» TASK STATEMENT
Instruction for the entries below: return the part that opens with the line containing "去年,在优质付费游戏的推动下" and closes with the line containing "an ideal choice.", exactly, and no pictures.

[Opening MATERIALS PROVIDED section]

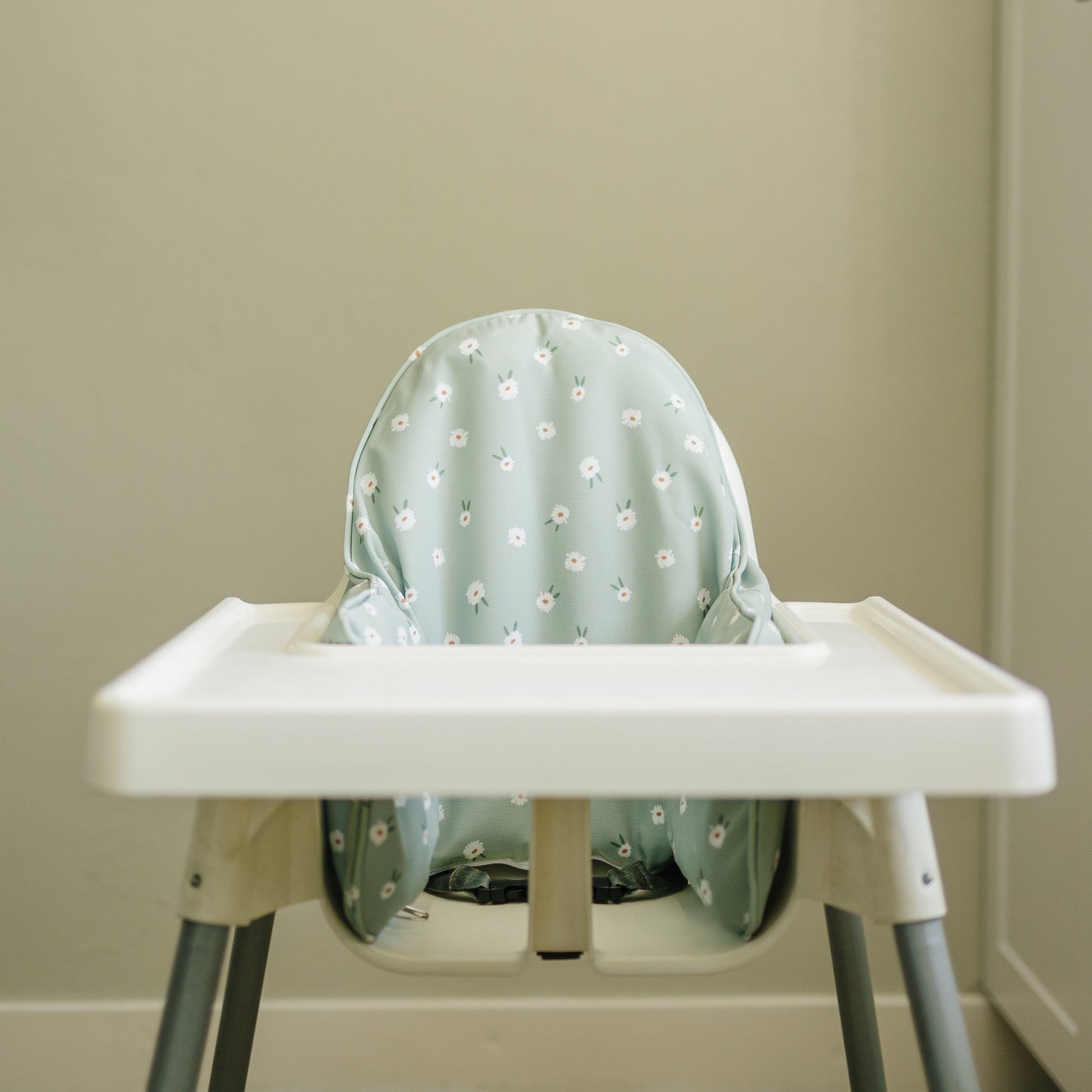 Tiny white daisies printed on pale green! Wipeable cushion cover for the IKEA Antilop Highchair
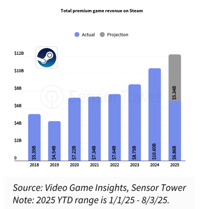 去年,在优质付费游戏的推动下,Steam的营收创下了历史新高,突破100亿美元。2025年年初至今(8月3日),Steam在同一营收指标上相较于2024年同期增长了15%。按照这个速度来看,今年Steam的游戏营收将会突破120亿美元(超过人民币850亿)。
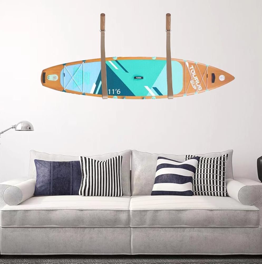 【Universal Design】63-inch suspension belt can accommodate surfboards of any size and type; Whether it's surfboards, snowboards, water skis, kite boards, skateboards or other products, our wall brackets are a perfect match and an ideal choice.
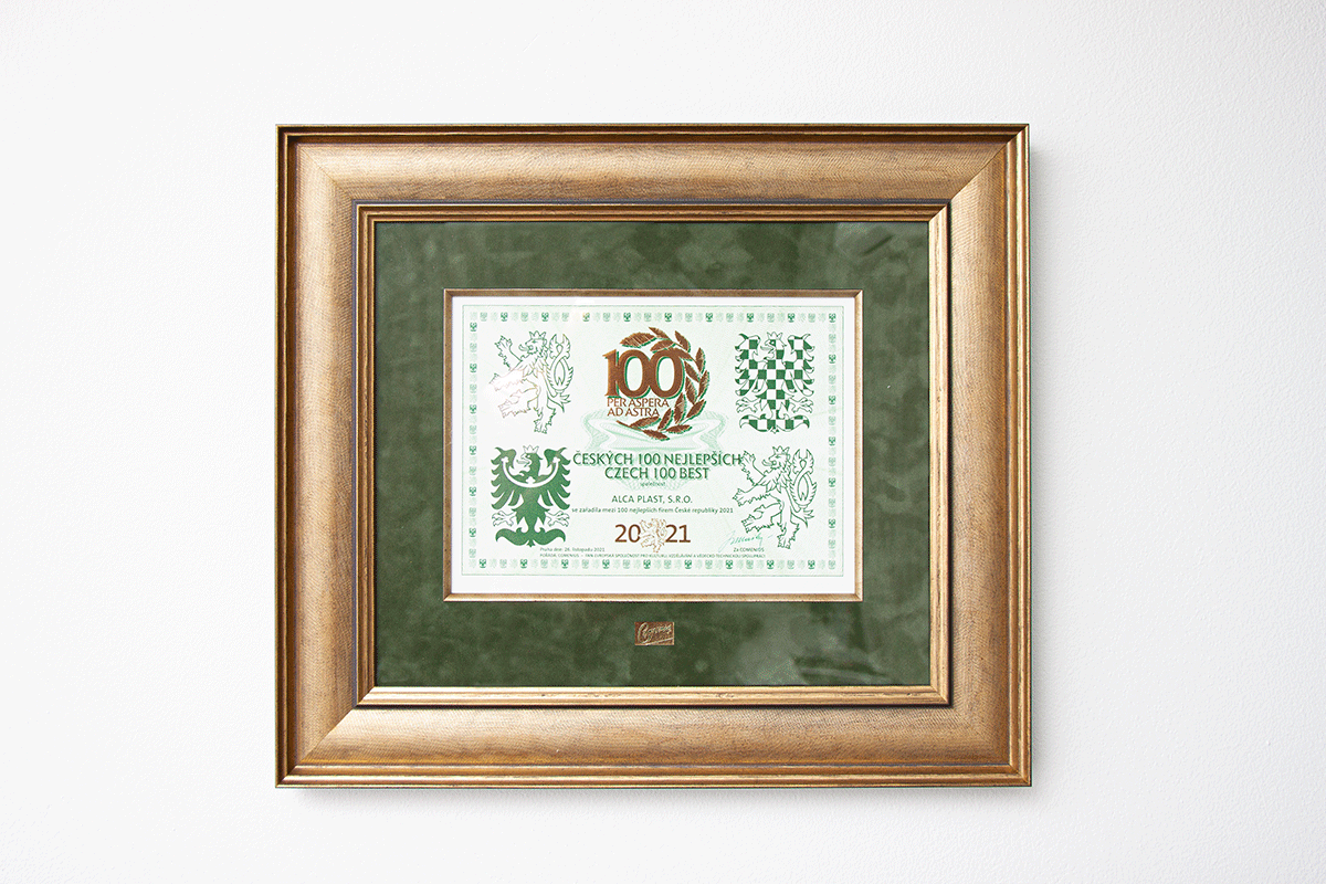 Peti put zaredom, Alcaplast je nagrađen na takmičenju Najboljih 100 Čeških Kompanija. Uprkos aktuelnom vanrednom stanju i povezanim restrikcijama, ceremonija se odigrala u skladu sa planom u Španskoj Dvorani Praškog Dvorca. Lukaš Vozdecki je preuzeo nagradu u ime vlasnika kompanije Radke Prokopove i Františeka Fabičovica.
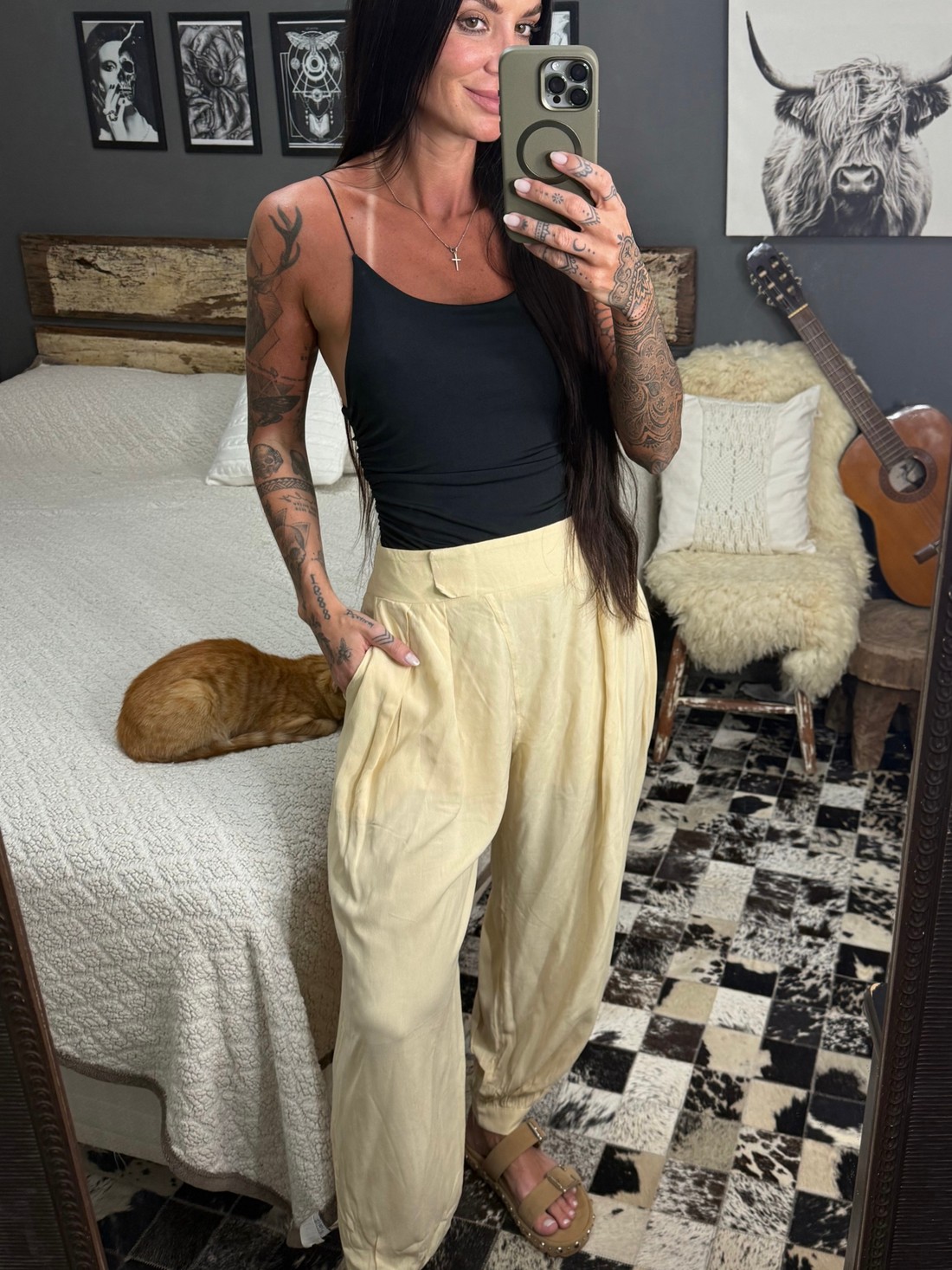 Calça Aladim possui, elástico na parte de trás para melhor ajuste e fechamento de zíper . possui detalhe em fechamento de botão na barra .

[Closing MATERIALS PROVIDED section]

» EXERCISE OUTPUT
 去年,在优质付费游戏的推动下,Steam的营收创下了历史新高,突破100亿美元。2025年年初至今(8月3日),Steam在同一营收指标上相较于2024年同期增长了15%。按照这个速度来看,今年Steam的游戏营收将会突破120亿美元(超过人民币850亿)。
 【Universal Design】63-inch suspension belt can accommodate surfboards of any size and type; Whether it's surfboards, snowboards, water skis, kite boards, skateboards or other products, our wall brackets are a perfect match and an ideal choice.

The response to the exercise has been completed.